那一刻,他忽然明白,小风遁术真正的要义,从来不是快,而是借风、入风、化风。
不是你去驾驭风,而是化风去挪移。
顿悟来得快,去得也快,不过短短十息。
等他回过神来,额角已见细汗,丹田法力也消耗了大半。他立刻收功入定,强行压下心头那点激动,细细回味方才风势与遁法的契合。
他先是悄然去了藏经阁第五层,凭着老祖亲传的身份,将那卷风遁术玉简折价换下,带回洞府细细参悟。
接着此后数月,楚无忌索性闭关不出。
他一面反复施展小风遁术,一面以风遁术中“风行”之意作印证,揣摩其中气机起落、风势转圜的细微关窍。

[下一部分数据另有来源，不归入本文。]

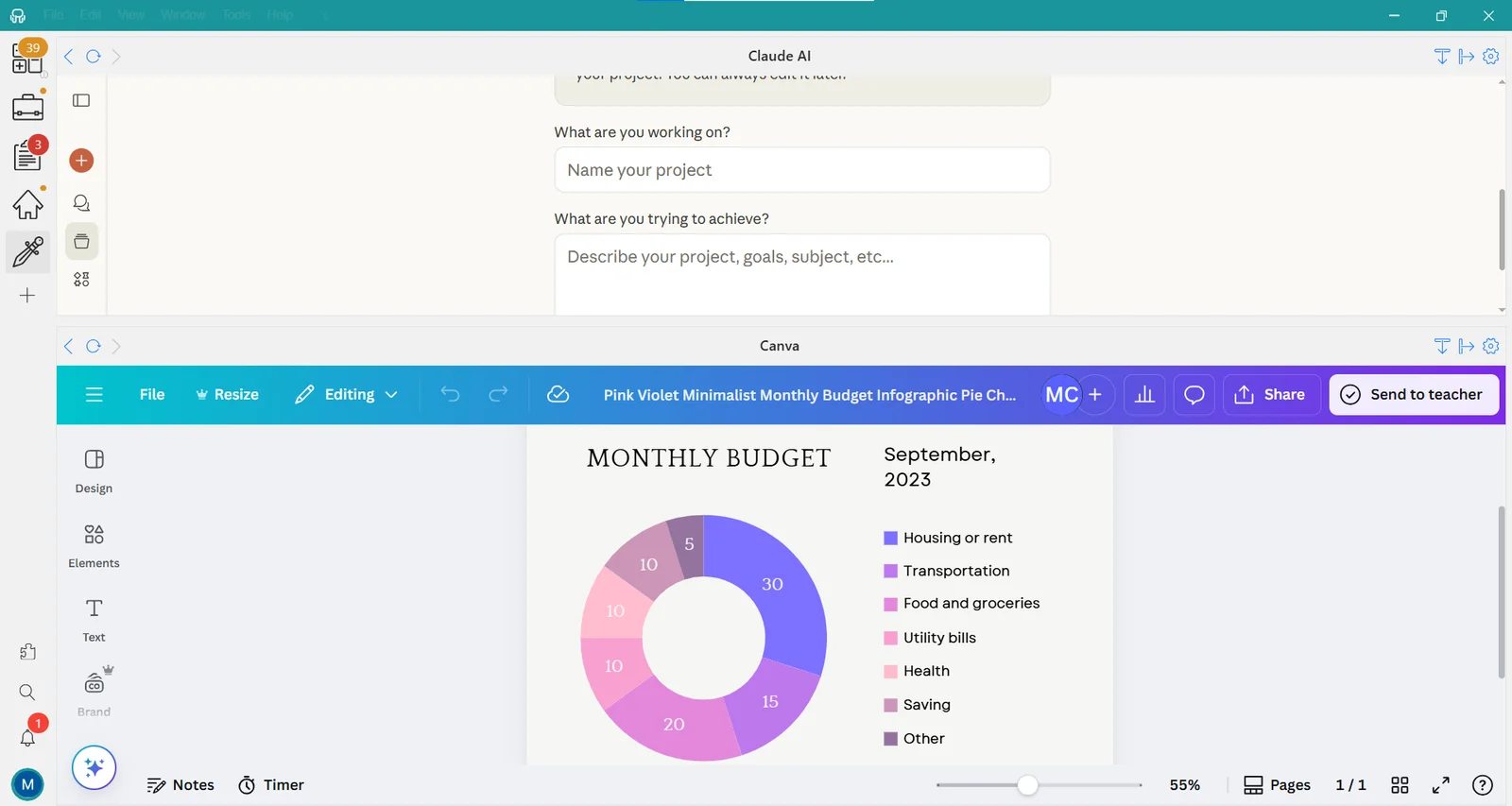 想象一下准备每月的数据演示:您可以一方面使用 Canva 来设计幻灯片,另一方面使用 Claude AI,帮助您在将数据转化为视觉效果之前处理和解释数据。这是节省时间并使一切顺利进行的简单方法。

短短半年,他的小风遁术竟从熟练运用的程度,硬生生推到了出神入化的地步,起步无声,转折无影,哪怕在狭窄石室中,也能借微风回旋挪移方位,令人难以锁定其落点。
只是楚无忌也很清楚,这仍是小风遁术的框架内的极致。
真正的风遁术,门槛在于“风遁”:遁入风中,化形随风。那已是遁法神通之属,需要更深厚的法力作根基,更强横的神识作牵引,才能承受那种人风一体的瞬间变化。
以他当时区区筑基初期的修为,再如何悟得透,也不过是在门前摸到门环,能听见门后风声,却终究推不开门扉。
只是……他也隐隐有种笃定。
若非修为所限,那一日崖坪顿悟之时,他怕是已经碰到了风遁术真正的边缘。
明白这一点后,他反倒越发沉得住气,不再贪图斗法强横,而是收敛锋芒,静下心来继续修行。等法力与神识达到一定境界,对神通秘术的领悟,自然也会水到渠成。
......
八年时间里,他几乎不踏出宗门。
丹峰里那位却并未死心。
管中渔按例来取分成,表面上相谈甚欢。
可有一回闲谈之间,管中渔似是不经意提起,说宗门下辖献鲸岛外新近现出一处古修洞府踪迹,语气随意,顺势便邀他同去探一探。
除了这取死有道之人外,或许是他短短八年便从初入筑基修炼到筑基初期巅峰,修为精进骇人,甚至连外务堂一位名叫周玄的筑基中期巅峰修为的长老,也对他发出过外出探索古修洞府的邀请。
对于想要邀请他出岛探险的人,楚无忌的回答永远只有一个:
“在下修为尚浅,近来又在稳固境界,不宜远行。师兄好意,楚某心领了。”
他心中冷笑,探古修洞府这等凶险之事,非是修为臻至瓶颈、进无可进之时,他绝不会贸然参与。
他如今没有大挪移令,连去魁星岛附近,寻找上古传送阵,都不想去分心去找。又岂会与几位修为高深、态度不明且有利害牵扯之人同去冒险?
原著里那座通往天南大陆的上古传送阵,若无大挪移令护持,传送途中必遭空间乱流撕扯,轻则肉身崩裂,重则元神俱灭。
楚无忌也是翻遍藏经阁诸多玉简、对照零散记载之后,才弄明白:所谓大挪移令,竟是一件以空间灵材为核心炼制的偏门护身法宝。其妙处不在攻伐,而在于传送之时能自发引动禁制之力护主,将最凶险的空间裂缝与乱流冲击硬生生挡在身外。
这等东西,别说筑基修士难以企及,便是结丹修士也未必能轻易弄到。
更何况坊市里向来不见此物流通。能用得上大挪移令的,多半牵涉跨海越域的古阵之类的大机缘大凶险,一旦消息走漏,便是腥风血雨的源头,谁会拿出来明码标价?
楚无忌暗自腹诽,就算坊市真冒出一枚大挪移令,十有八九也不是真的在卖大挪移令,而是高阶修士在钓鱼。专等某些低阶修士上钩,吐出那些不为人知的上古传送阵所在。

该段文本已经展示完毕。